### DATA FOR REVIEW
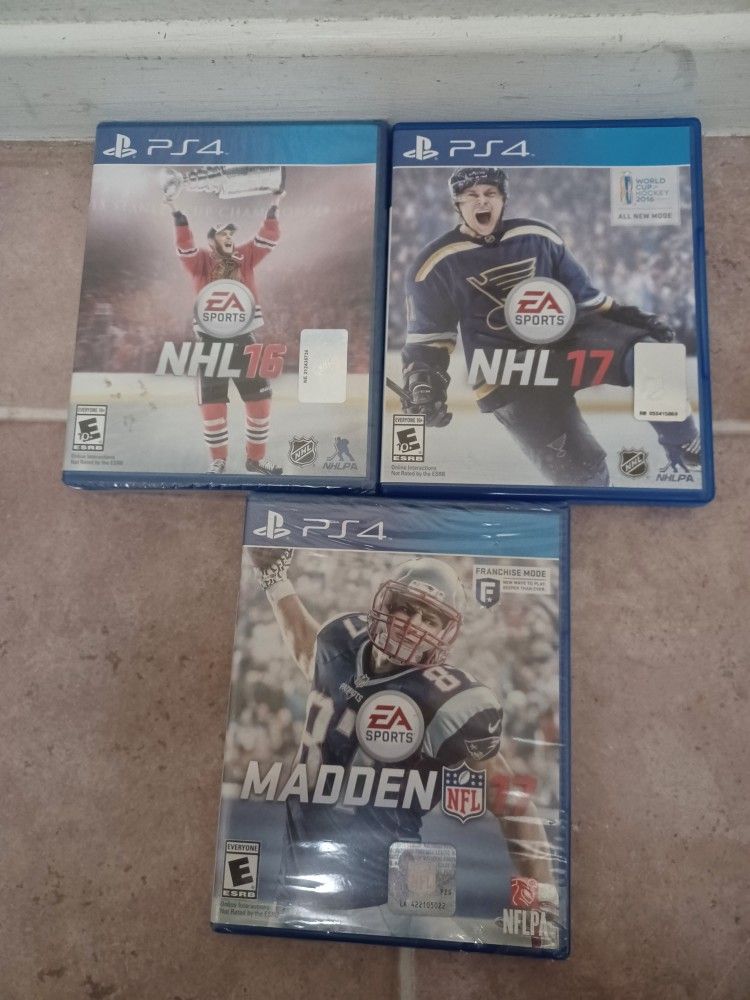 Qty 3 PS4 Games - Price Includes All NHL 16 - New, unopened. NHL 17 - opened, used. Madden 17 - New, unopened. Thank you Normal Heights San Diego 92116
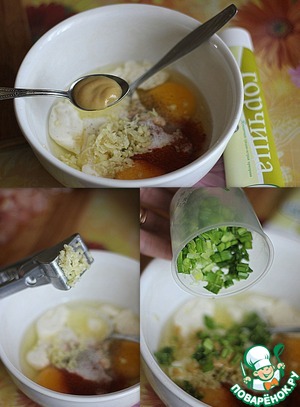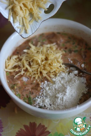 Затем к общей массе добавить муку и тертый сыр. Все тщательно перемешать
* * *
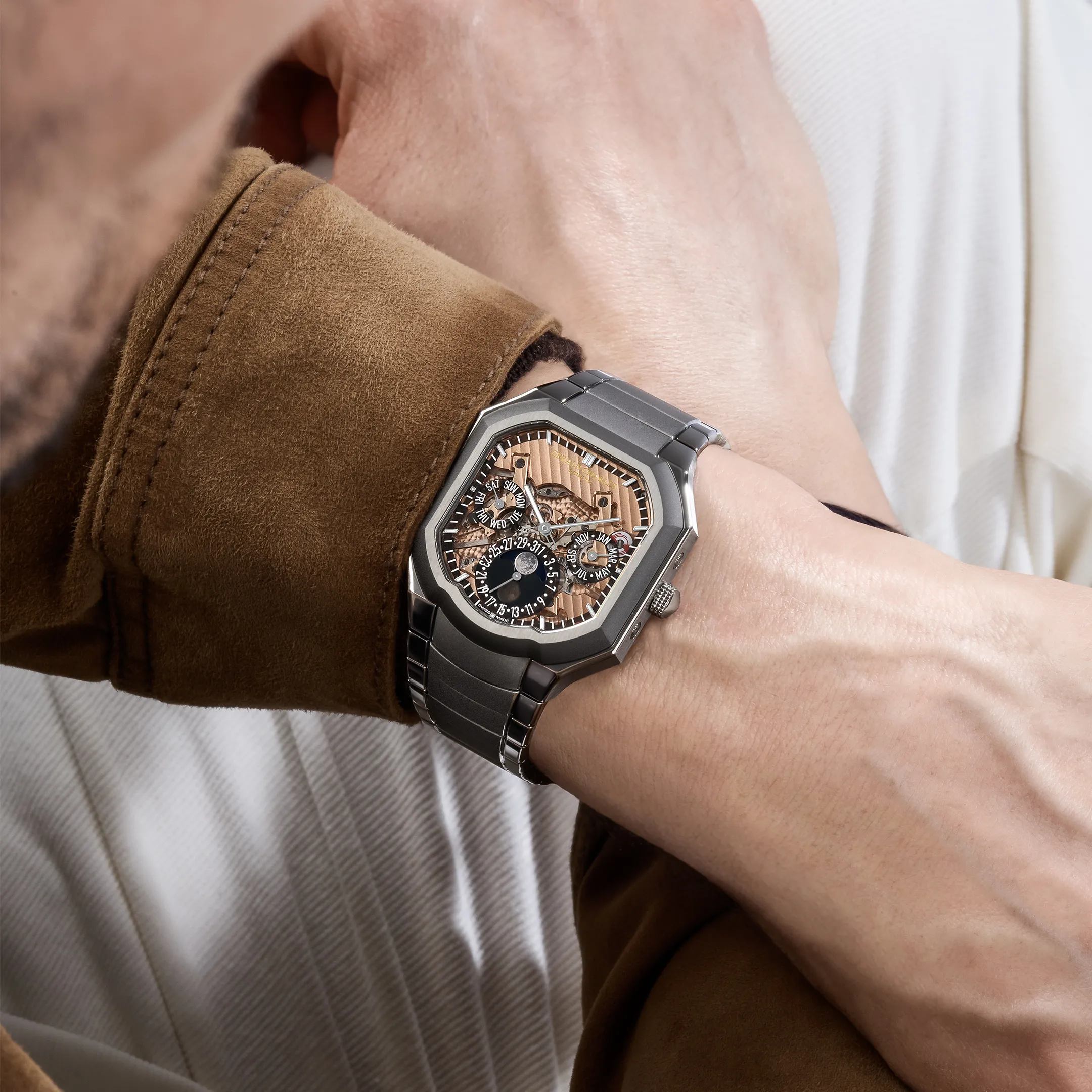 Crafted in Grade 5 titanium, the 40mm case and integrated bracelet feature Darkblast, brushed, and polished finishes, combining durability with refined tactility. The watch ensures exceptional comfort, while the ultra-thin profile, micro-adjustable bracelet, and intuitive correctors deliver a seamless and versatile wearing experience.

### WHAT TO DO
From the line holding "Qty 3 PS4 Games" to the line holding "Затем к общей", both included, retype the entries above exactly and drop the pictures.

### TASK SOLUTION
 Qty 3 PS4 Games - Price Includes All NHL 16 - New, unopened. NHL 17 - opened, used. Madden 17 - New, unopened. Thank you Normal Heights San Diego 92116
 Затем к общей массе добавить муку и тертый сыр. Все тщательно перемешать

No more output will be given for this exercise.